Jaal Waldee completed his primary education in Boqqojji and other local schools, then enrolled at the Teacher Training Institute (TTI) in Dabra Birihan, graduating in 1966. For five years, he served as a teacher in Bale Province – a region that would later become a crucible of the Oromo liberation struggle. He taught children to read and write, but the classroom could not contain him. The injustices he witnessed – land alienation, cultural suppression, the daily humiliations of the Oromo people – planted seeds that would soon sprout into activism.

In 1971, he entered Haile Selassie I University (now Finfinnee University).
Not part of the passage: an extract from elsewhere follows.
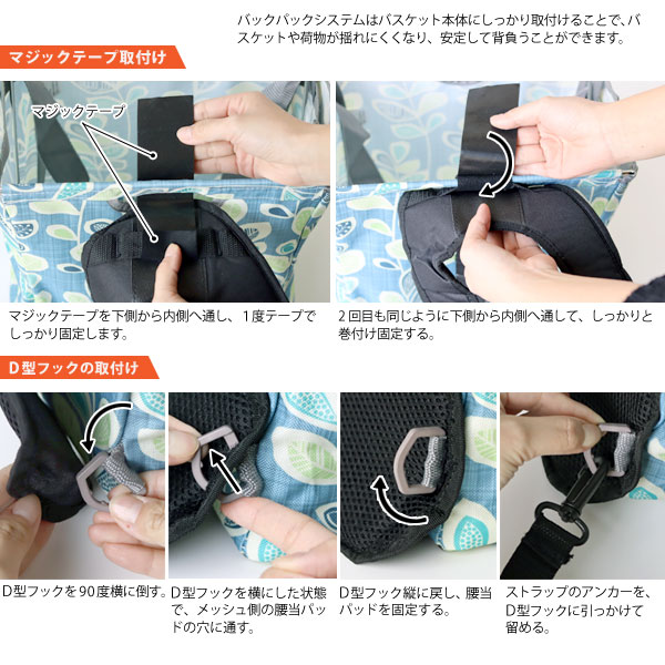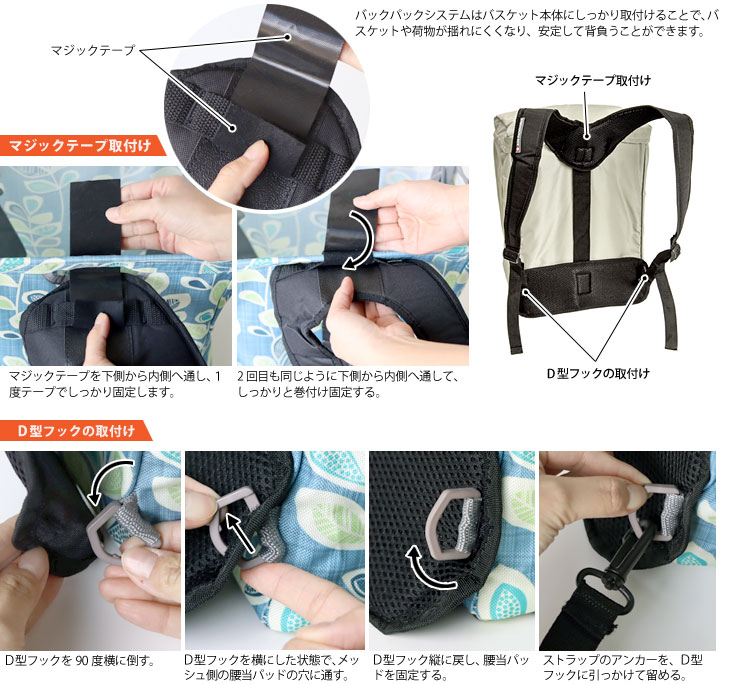 バックパックのアクセサリーはバックバスケット本体のD型フックのある側に取付けます。 上部にあるバッグ本体の持ち手箇所と下部に左右2ヵ所あるD型フックの3点を取付けます。 [上部:マジックテープ取り付け方法] 1.マジックテープを下側から内側へ通し、1度テープでしっかり固定します。 2.2回目も同じように下側から内側へ通して、しっかりと巻付け固定する。 ※必ず2回しっかりと巻き付け固定してください。 [下部:D型フックの取り付け方法] 1.D型フックを90度横に倒す。 2.D型フックを横にした状態で、メッシュ側の腰当パッドの穴に通す。 3.D型フック縦に戻し、腰当パッドを固定する。 4.ストラップのアンカーを、D型フックに引っかけて留める。 背負った状態でパーツ前部にあるストラップを下に引くことでお好みの長さに調整できます。 ゆるめる時はストラップ調整パーツを軽く上に持ち上げることでストラップが緩みます。 重い荷物を運ぶ時などは肩紐がしっかりフィットさせることをおすすめします。 D型フックを腰当パッドに取付けて縦の位置にもどすことで外れにくい設計となっています! バスケットとバックパックのパーツを密着させることがポイント! バスケット自体や荷物が揺れ動くことをふせぎ安定して運ぶことができます。

It was there that he found his political voice. Joining an underground student movement, he began organizing Oromo students, discussing not just grades but grievances, not just textbooks but tyranny. The university became his second battlefield – quieter than the forests, but no less dangerous.
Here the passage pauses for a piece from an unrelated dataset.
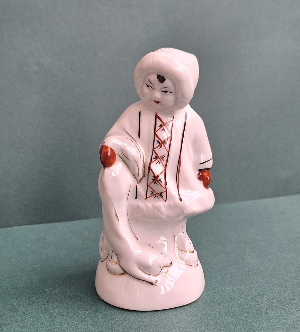Статуэтка "Якутка с песцом", Барановка. Высота: 11 см. Трещина от основания до рукавички. См. на фото 3.

The 1975 Campaign: Bullets and Bread

When the “Idigat Bahibrati” (Development through Cooperation) campaign was launched in 1975, Jaal Waldee volunteered to go to Wallo Province. The region was ravaged by famine, and the official response was a cruel mixture of neglect and propaganda. He did not go as a soldier. He went as a human being – distributing food, organizing relief, and bearing witness to the starvation that the state refused to see. He saw children die in his arms. He saw mothers sell their last possessions for a handful of grain. And he swore that such suffering would never be forgotten.

The Birth of the OLF: A Brotherhood of Struggle

Returning to university after the campaign, Jaal Waldee deepened his commitment to the Oromo cause. Alongside his comrade and closest friend, Magarsaa Bari, he became one of the founding members of the Oromo Liberation Front (OLF) – Adda Bilisummaa Oromoo. Together, they dreamed of an independent Oromia, a nation where Oromo children would never again be ashamed of their language, their name, or their land.

After graduation, Jaal Waldee worked as a journalist for the newspaper Bariisaa (The Dawn), eventually rising to the position of assistant editor. He understood that the pen could be as powerful as the gun. His articles gave voice to the voiceless, exposed abuses, and called Oromos to unity. But the Derg regime – the brutal military junta that had seized power – had no tolerance for Oromo journalism.

Twelve Years in Hell: The Prisoner of Conscience

In 1980 (Amajjii), Jaal Waldee was appointed to a position in the government as a continuing official. But two days later, without trial, without charge, without even the pretense of justice, he was arrested and thrown into prison.

For twelve years, he remained behind bars. Twelve years of torture. Twelve years of solitary confinement. Twelve years of watching comrades die from untreated wounds and deliberate neglect. The Derg’s interrogators wanted confessions, names, betrayals. They received only silence and the occasional smile from a man who had already decided that his body could be broken but his soul would not negotiate.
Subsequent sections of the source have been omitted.